# Early Christmas gift!!



## Wolf_Dancer34 (Nov 14, 2006)

This is the gift I gave my hubby a little early for Christmas. He is only 8 weeks old and is already totally crazy for the bunny foot I brought him home today..

Meet BRIAR ---the next up and coming bunny dog!!


----------



## hyperformance1 (Dec 18, 2006)

Nice looking pup!


----------



## ibthetrout (Sep 24, 2003)

Cool! My wife would be afraid to pick out a dog for me like that, but it would sure be cool for christmas. We are hoping to get one in spring or summer.


----------



## Wolf_Dancer34 (Nov 14, 2006)

I also picked out that last one we got and he is awesome.
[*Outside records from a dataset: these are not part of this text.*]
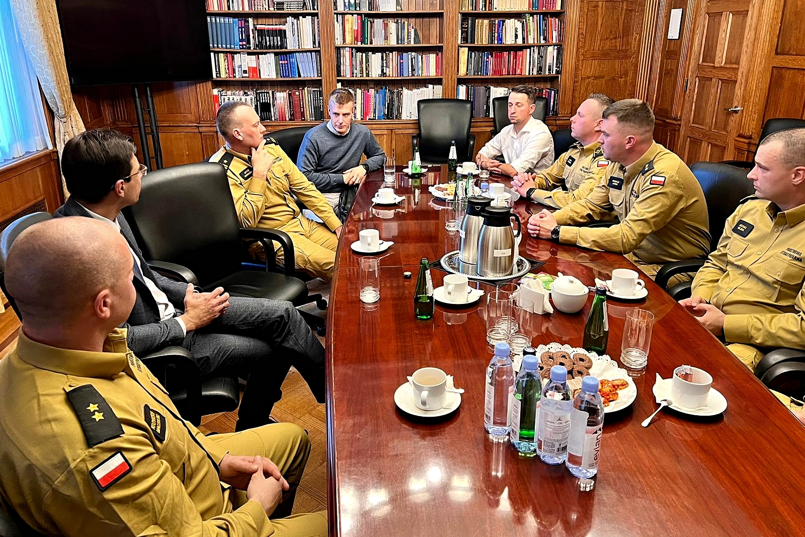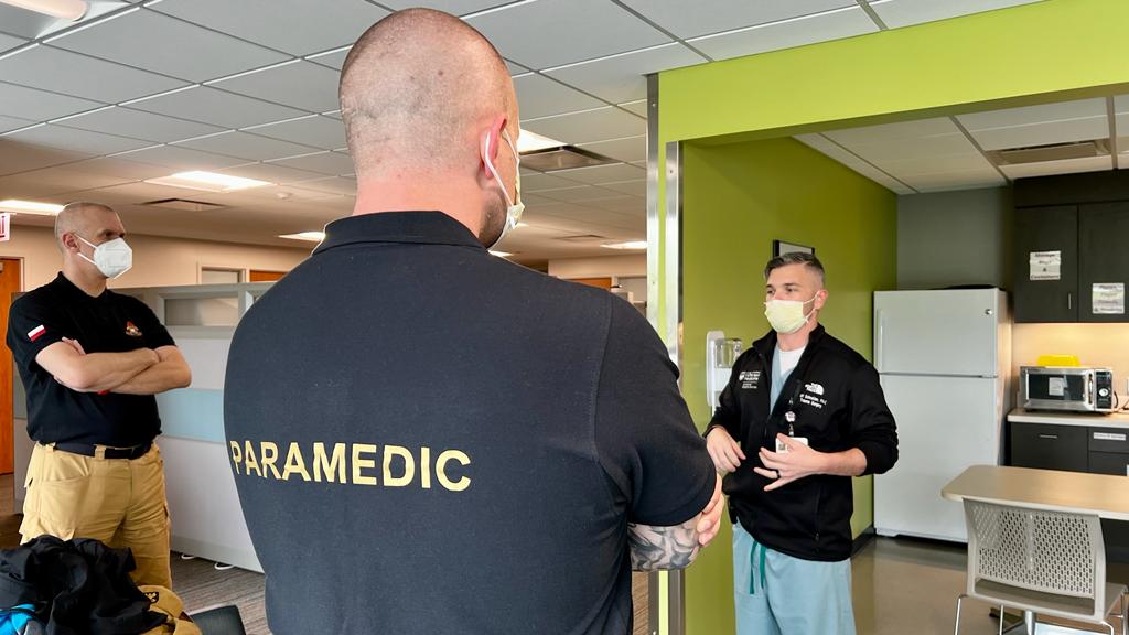 Polscy ratownicy medyczni tego dnia udali się również do Konsulatu RP w Chicago, gdzie spotkali się z Konsulem RP w Chicago Panem Pawłem Zyzakiem. Rozmowa przebiegła w bardzo przyjaznej atmosferze, mieli okazję opowiedzieć nie tylko o aktywnościach w trakcie delegacji, ale również o jej tle czyli planowanych w ramach procedowanej ustawy o ochronie ludności oraz o stanie klęski żywiołowej, zmianach w Państwowej Straży Pożarnej i zwiększeniu roli ratownictwa medycznego w PSP. Pan Konsul wykazał duże zainteresowanie sytuację ratowników medycznych i strażaków w Polsce, a także ich zaangażowaniem w działania pomocowe dla Ukrainy związane ze zbrojną inwazją Rosji na ten kraj.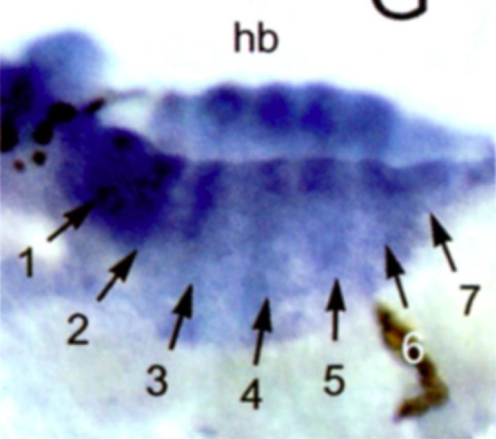 Key: hb=hindbrain, 1-7 =rhombomeres R1-R7 ( rhombomere R8, posterior to R7 is not numbered)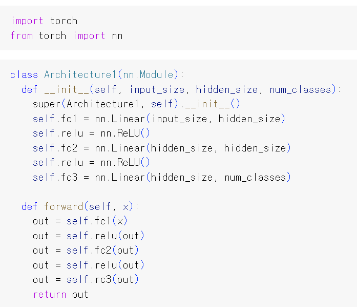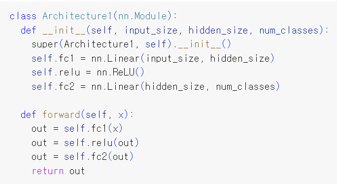 다음과 같이 클래스를 사용하여 구현한 인공신경망이 있다고 가정해보자.

This is an older pic of my 9 year old Benny.


----------



## upperlimits (Jan 15, 2008)

now that`s what I call a great christmas present! good luck and have fun!


----------



## glongworth3232 (Oct 18, 2006)

Good looking pup!!!I just got a female myself!!!Gotta love em!!!


----------



## multibeard (Mar 3, 2002)

ibthetrout said:


> Cool! My wife would be afraid to pick out a dog for me like that, but it would sure be cool for christmas. We are hoping to get one in spring or summer.


I would not be afraid to let Catherine pick out a dog for me, anytime.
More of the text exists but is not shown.